概念化とは何か

突然ですが、本ブログのタイトルは「concepturalization(=概念化)」というものです。

 

パスカルという人が「人間は考える葦である」と語ったことは割と有名な話だと思いますが、「考える」という行為には「言語的な思考」と「非言語的な思考」があります。人間は他の動物と比べて言語が発達した生き物だと思いますが、地球上で言語を我々人間のように自在に操る動物が我々以外に存在しないことからも分かる通り、前者の「言語的思考」は生き物の世界ではマイノリティです。

 

つまり、後者の「非言語的」のほうが圧倒的マジョリティなわけです。

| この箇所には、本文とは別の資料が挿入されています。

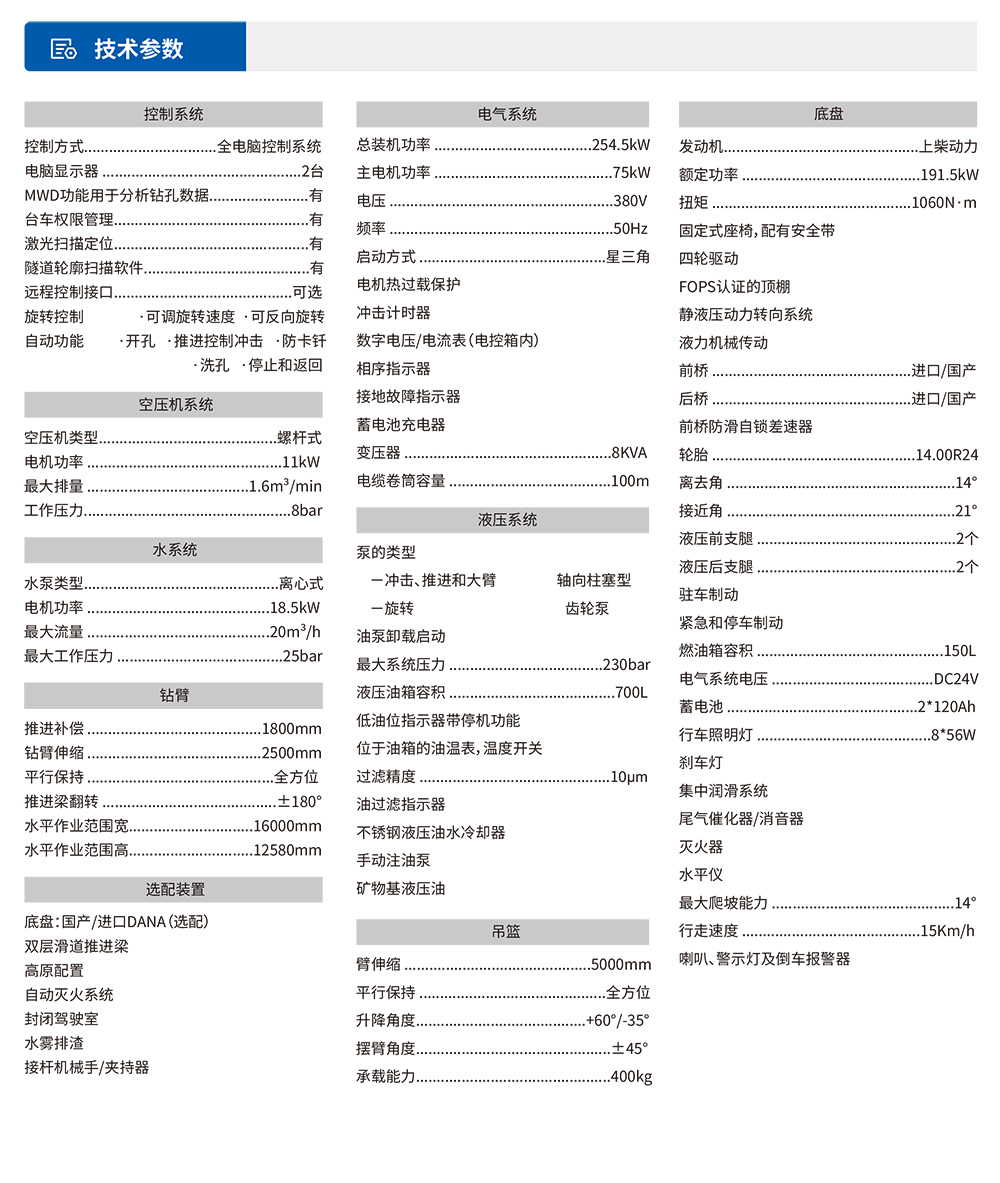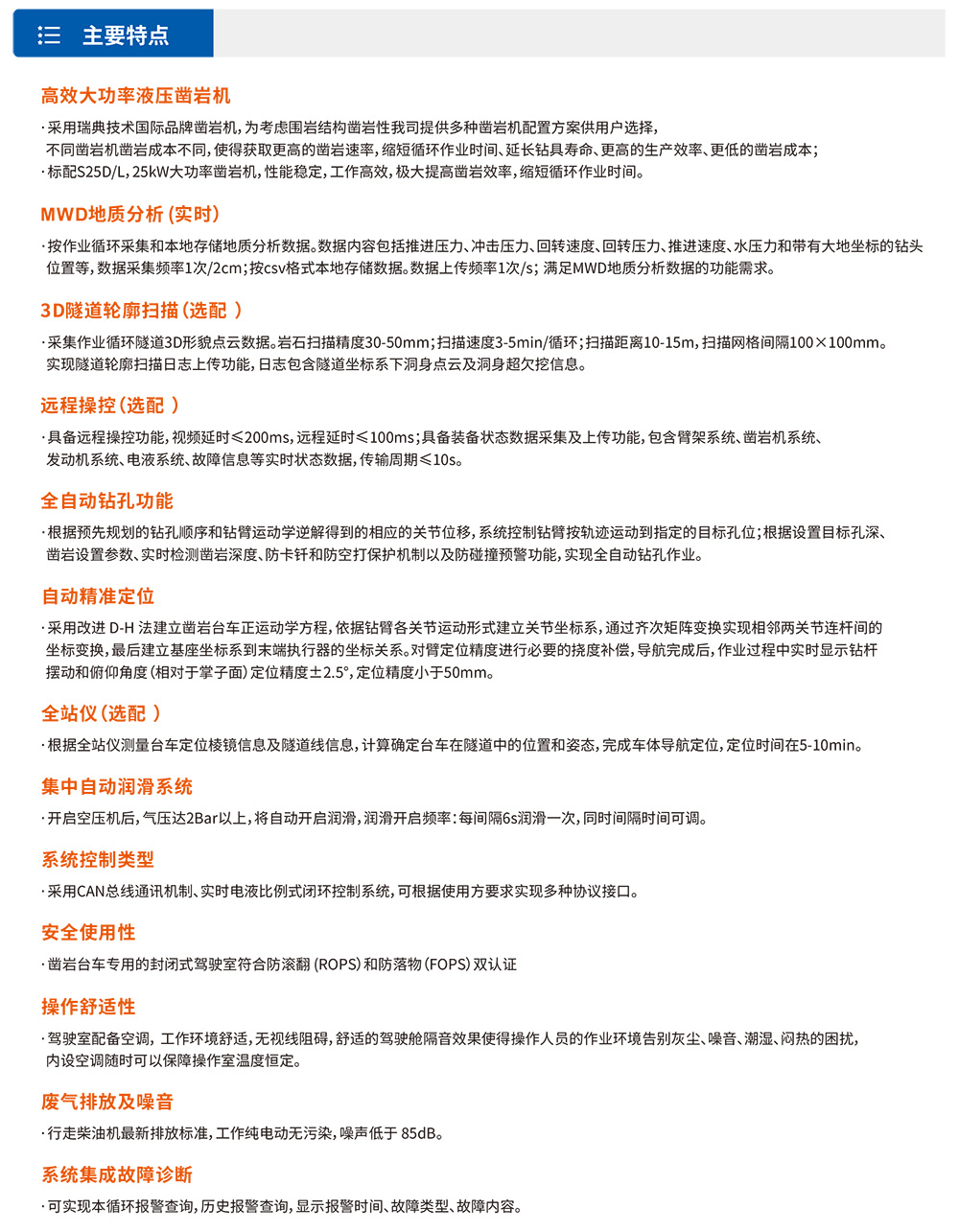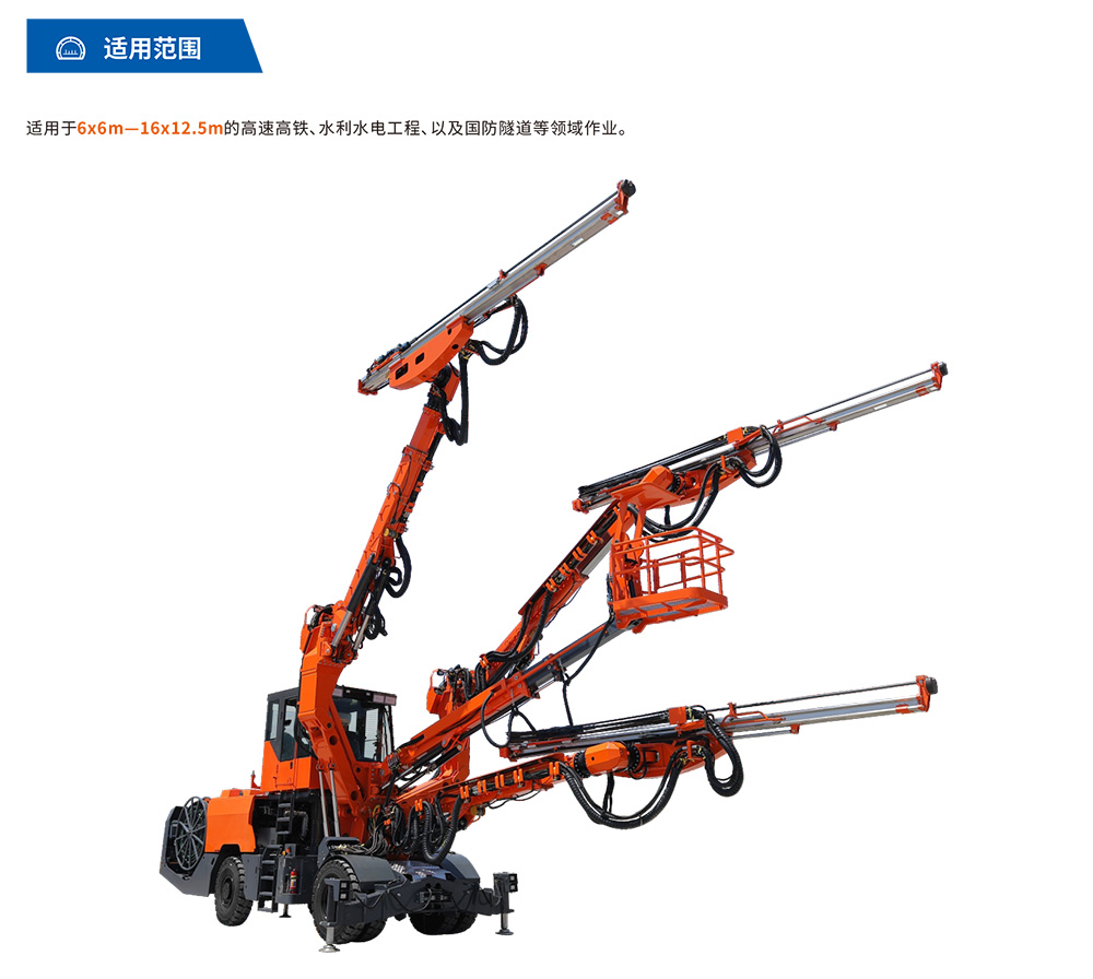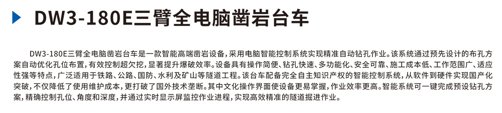 DW3-180E三臂电脑凿岩台车是,采用电脑智能控制系统掌控钻臂按预先设计好的布孔自动凿岩作业,最大限度减少隧道施工中的超、欠挖,并不断优化孔位布置,提高爆破效率。操作简单、钻孔速度快、多功能化、安全系数高、施工成本低、工作范围广等特性广泛适应于铁路、公路、国防、水利、矿山等隧道掘进钻孔作业中。从软件到硬件国产化,降低使用成本、维护成本、打破国外垄断;系统中文化使得操作简单、作业效率快、多功能化、降低施工成本。电脑自动化控制系统掌控钻臂按预先设计好布孔图有序一键完成自动钻孔,自动控制钻孔孔位、推进梁角度和孔深,同时显示器显示实时钻孔情况。

そしてその事情は我々人間にも当てはまります。

 

例えば、ある1日の終わりに、その日の出来事や考えたことの「すべて」を日記にしたためることを想像してみましょう。その日の瞬間瞬間を漏らさず日記に書き残すならば、それこそ軽く一冊の文庫本に匹敵するくらいの量の文章を書かなくてはならないかもしれません。それでもなお、言葉にならない部分というのが出てくるはずです。日記ですから、その日の出来事や心の動きなどを「時系列に沿って」書き留めるはずですが、文章にはかなり文と文との間すなわち「文間」がありますから、その文間こそが「非言語的な思考」の領野に属する出来事や心情に相当します。

 

このように、人間は地球上の生き物の中でも圧倒的に言語が発達しているとはいえ、やはり人間の精神における「非言語性」の占める部分は非常に大きいといえるでしょう。

 

だからこそ、非言語的な世界からいかに言語化が可能な領域を見いだして、それを切り取って「カタチ」にするかは、人間を人間たらしめる思考の営みそのものであると言っても過言ではないでしょう。私はその営為を「conceptualization(=概念化)」という言葉を使ってひとくくりに指し示したいと思いました。

 

ただ、言葉や「概念」というものは本来の1次的でインスタント(=即時的)な体験や経験を、時間方向に固定するという強い傾向性をその使用者にもたらすものです。

 

それゆえ「概念化」は、人間を他の動物たちから隔てる人間ならではの精神の賜物である反面、その精神性ゆえに人間の本来の動物性を必要以上に忘却させかねない危険性も孕みます。

 

したがって、概念化を行う際には常にその概念を組み立てるに至った1次的な動物的経験に根差して、いつでも経験的な具体例に立ち返る用意を持つことが不可欠になります。このことは、概念化が「抽象化」とは大きく異なることを意味します。抽象化は、具体例に立ち返ることを必ずしも要請しないからです。

 

常に1次体験への帰還を保証しなければならない思考の営為としてのconceptualizationすなわち概念化は抽象と具体の間のシームレスな行き来を担保して初めて知すなわち蓄積性をもつ精神行為としての資格を得るのです。